Recorded data:

----------

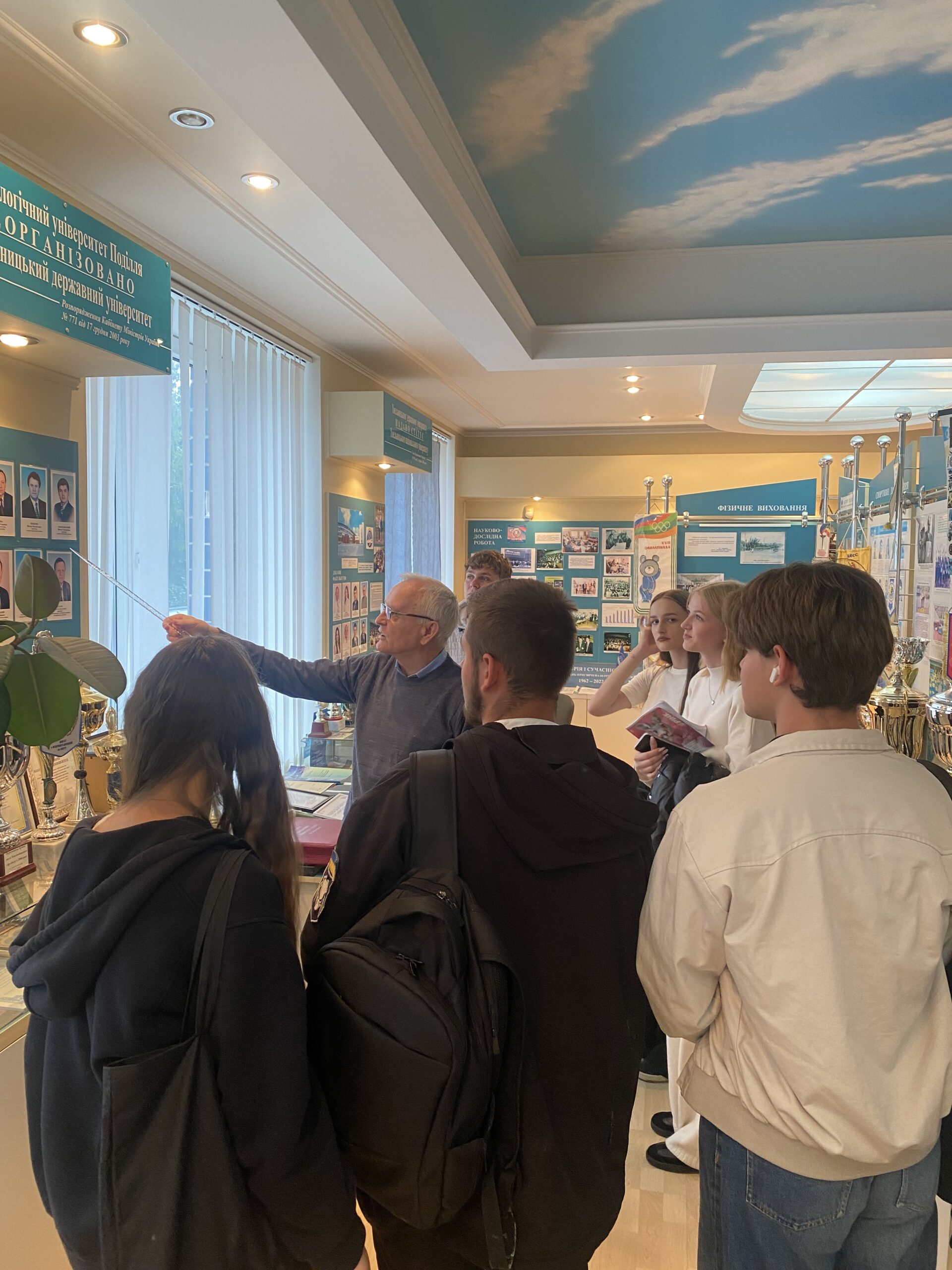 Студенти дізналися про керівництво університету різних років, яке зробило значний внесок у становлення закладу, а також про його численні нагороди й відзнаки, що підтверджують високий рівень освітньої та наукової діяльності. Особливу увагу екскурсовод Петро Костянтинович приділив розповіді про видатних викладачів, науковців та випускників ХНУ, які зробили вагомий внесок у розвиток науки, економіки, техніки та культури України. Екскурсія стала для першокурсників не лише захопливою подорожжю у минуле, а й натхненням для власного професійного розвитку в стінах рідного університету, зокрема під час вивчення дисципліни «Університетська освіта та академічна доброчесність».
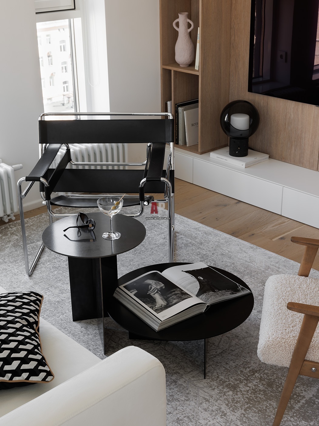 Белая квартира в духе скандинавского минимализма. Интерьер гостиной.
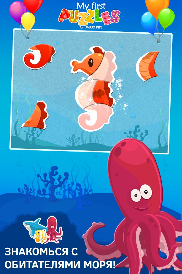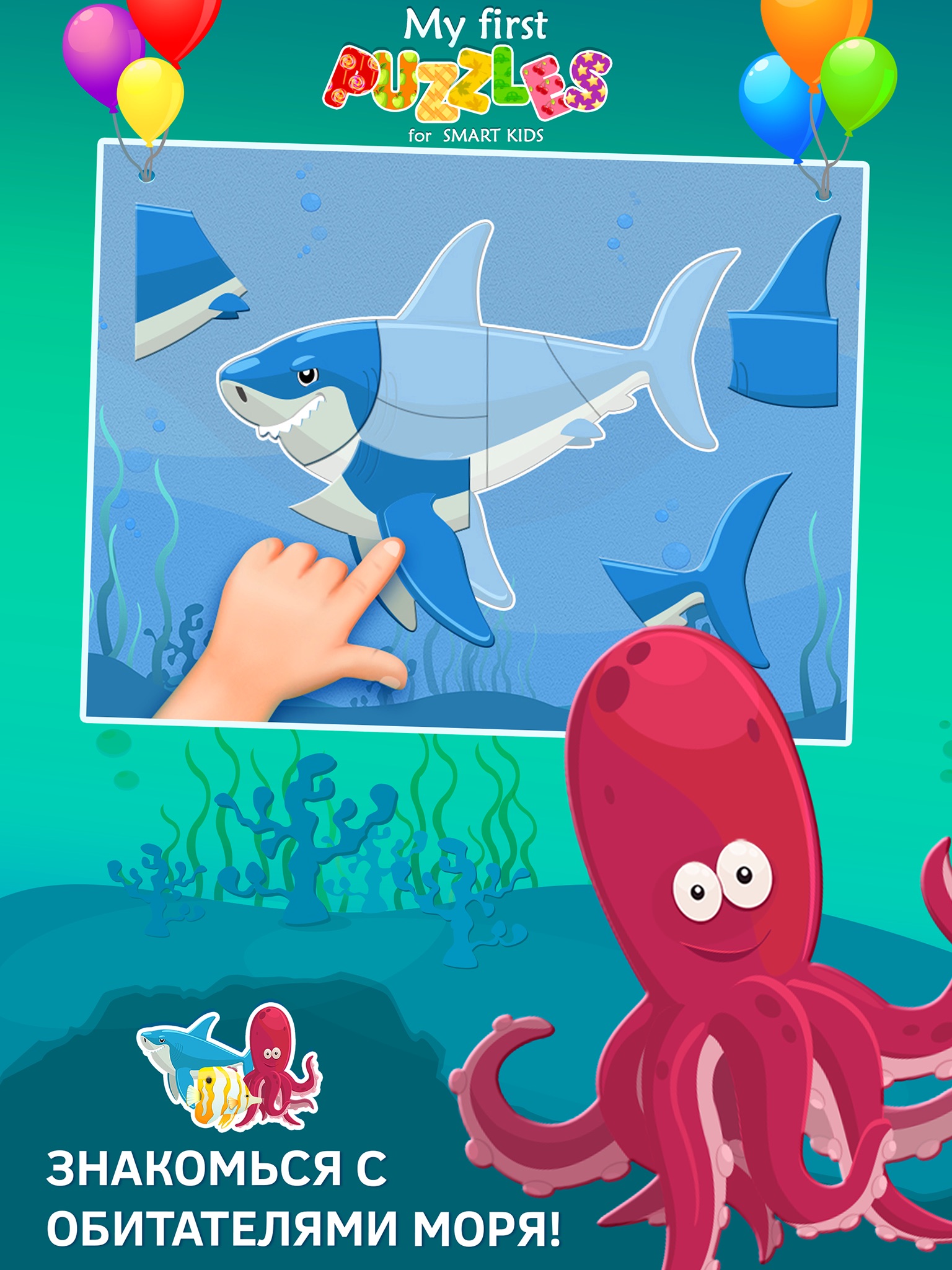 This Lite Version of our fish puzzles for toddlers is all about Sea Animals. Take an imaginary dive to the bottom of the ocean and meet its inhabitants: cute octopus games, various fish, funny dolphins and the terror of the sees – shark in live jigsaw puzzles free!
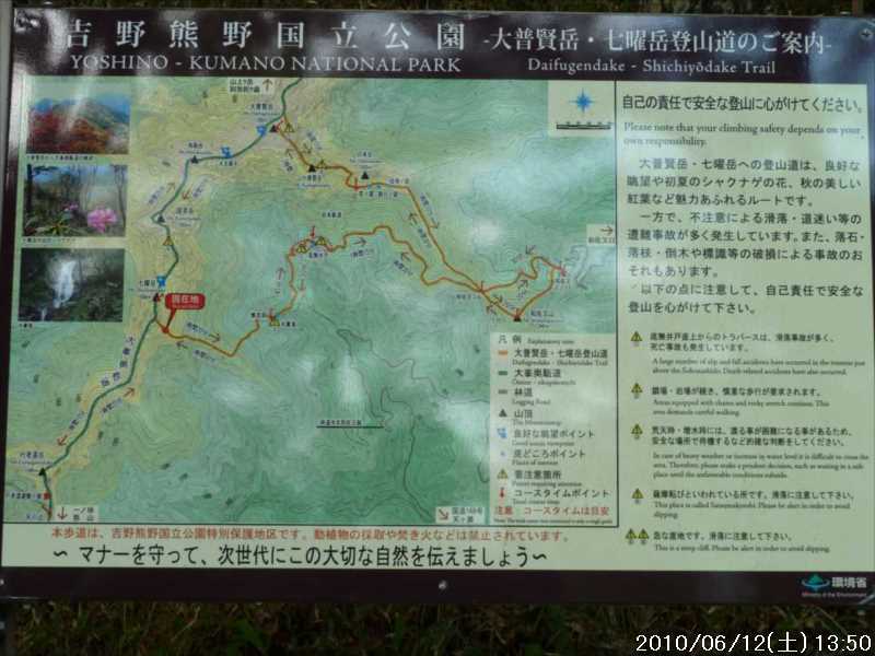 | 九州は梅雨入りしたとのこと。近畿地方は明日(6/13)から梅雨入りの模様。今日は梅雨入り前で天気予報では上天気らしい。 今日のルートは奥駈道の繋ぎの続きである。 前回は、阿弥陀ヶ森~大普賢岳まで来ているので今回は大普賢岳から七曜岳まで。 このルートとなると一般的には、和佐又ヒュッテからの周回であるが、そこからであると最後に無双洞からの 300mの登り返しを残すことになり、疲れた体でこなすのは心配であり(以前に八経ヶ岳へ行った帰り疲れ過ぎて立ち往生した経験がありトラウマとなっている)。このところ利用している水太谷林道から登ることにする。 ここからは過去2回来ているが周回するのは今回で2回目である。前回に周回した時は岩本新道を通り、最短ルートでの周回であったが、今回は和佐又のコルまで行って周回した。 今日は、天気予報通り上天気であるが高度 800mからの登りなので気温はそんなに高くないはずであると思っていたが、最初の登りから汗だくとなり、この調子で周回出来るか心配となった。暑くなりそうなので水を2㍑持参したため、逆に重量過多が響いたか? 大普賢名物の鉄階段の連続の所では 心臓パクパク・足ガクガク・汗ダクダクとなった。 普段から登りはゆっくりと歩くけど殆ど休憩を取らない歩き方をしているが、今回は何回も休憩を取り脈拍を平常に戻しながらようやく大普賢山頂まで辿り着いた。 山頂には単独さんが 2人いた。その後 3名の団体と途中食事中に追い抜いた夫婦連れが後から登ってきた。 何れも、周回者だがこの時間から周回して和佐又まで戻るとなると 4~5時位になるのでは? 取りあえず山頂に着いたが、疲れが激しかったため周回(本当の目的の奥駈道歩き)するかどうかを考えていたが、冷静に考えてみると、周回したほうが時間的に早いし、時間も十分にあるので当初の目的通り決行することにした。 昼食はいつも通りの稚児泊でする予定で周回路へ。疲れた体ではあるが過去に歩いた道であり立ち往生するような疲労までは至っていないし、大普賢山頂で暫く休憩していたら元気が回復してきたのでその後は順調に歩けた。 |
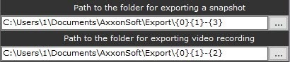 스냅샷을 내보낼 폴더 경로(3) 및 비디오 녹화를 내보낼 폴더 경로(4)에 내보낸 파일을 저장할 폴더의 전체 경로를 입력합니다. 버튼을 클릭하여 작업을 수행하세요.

----------

TO DO: Repeat the records in full, exactly as they appear, but with the pictures removed.

SOLUTION TO THIS PROBLEM:
 Студенти дізналися про керівництво університету різних років, яке зробило значний внесок у становлення закладу, а також про його численні нагороди й відзнаки, що підтверджують високий рівень освітньої та наукової діяльності. Особливу увагу екскурсовод Петро Костянтинович приділив розповіді про видатних викладачів, науковців та випускників ХНУ, які зробили вагомий внесок у розвиток науки, економіки, техніки та культури України. Екскурсія стала для першокурсників не лише захопливою подорожжю у минуле, а й натхненням для власного професійного розвитку в стінах рідного університету, зокрема під час вивчення дисципліни «Університетська освіта та академічна доброчесність».
 Белая квартира в духе скандинавского минимализма. Интерьер гостиной.
 This Lite Version of our fish puzzles for toddlers is all about Sea Animals. Take an imaginary dive to the bottom of the ocean and meet its inhabitants: cute octopus games, various fish, funny dolphins and the terror of the sees – shark in live jigsaw puzzles free!
 | 九州は梅雨入りしたとのこと。近畿地方は明日(6/13)から梅雨入りの模様。今日は梅雨入り前で天気予報では上天気らしい。 今日のルートは奥駈道の繋ぎの続きである。 前回は、阿弥陀ヶ森~大普賢岳まで来ているので今回は大普賢岳から七曜岳まで。 このルートとなると一般的には、和佐又ヒュッテからの周回であるが、そこからであると最後に無双洞からの 300mの登り返しを残すことになり、疲れた体でこなすのは心配であり(以前に八経ヶ岳へ行った帰り疲れ過ぎて立ち往生した経験がありトラウマとなっている)。このところ利用している水太谷林道から登ることにする。 ここからは過去2回来ているが周回するのは今回で2回目である。前回に周回した時は岩本新道を通り、最短ルートでの周回であったが、今回は和佐又のコルまで行って周回した。 今日は、天気予報通り上天気であるが高度 800mからの登りなので気温はそんなに高くないはずであると思っていたが、最初の登りから汗だくとなり、この調子で周回出来るか心配となった。暑くなりそうなので水を2㍑持参したため、逆に重量過多が響いたか? 大普賢名物の鉄階段の連続の所では 心臓パクパク・足ガクガク・汗ダクダクとなった。 普段から登りはゆっくりと歩くけど殆ど休憩を取らない歩き方をしているが、今回は何回も休憩を取り脈拍を平常に戻しながらようやく大普賢山頂まで辿り着いた。 山頂には単独さんが 2人いた。その後 3名の団体と途中食事中に追い抜いた夫婦連れが後から登ってきた。 何れも、周回者だがこの時間から周回して和佐又まで戻るとなると 4~5時位になるのでは? 取りあえず山頂に着いたが、疲れが激しかったため周回(本当の目的の奥駈道歩き)するかどうかを考えていたが、冷静に考えてみると、周回したほうが時間的に早いし、時間も十分にあるので当初の目的通り決行することにした。 昼食はいつも通りの稚児泊でする予定で周回路へ。疲れた体ではあるが過去に歩いた道であり立ち往生するような疲労までは至っていないし、大普賢山頂で暫く休憩していたら元気が回復してきたのでその後は順調に歩けた。 |
 스냅샷을 내보낼 폴더 경로(3) 및 비디오 녹화를 내보낼 폴더 경로(4)에 내보낸 파일을 저장할 폴더의 전체 경로를 입력합니다. 버튼을 클릭하여 작업을 수행하세요.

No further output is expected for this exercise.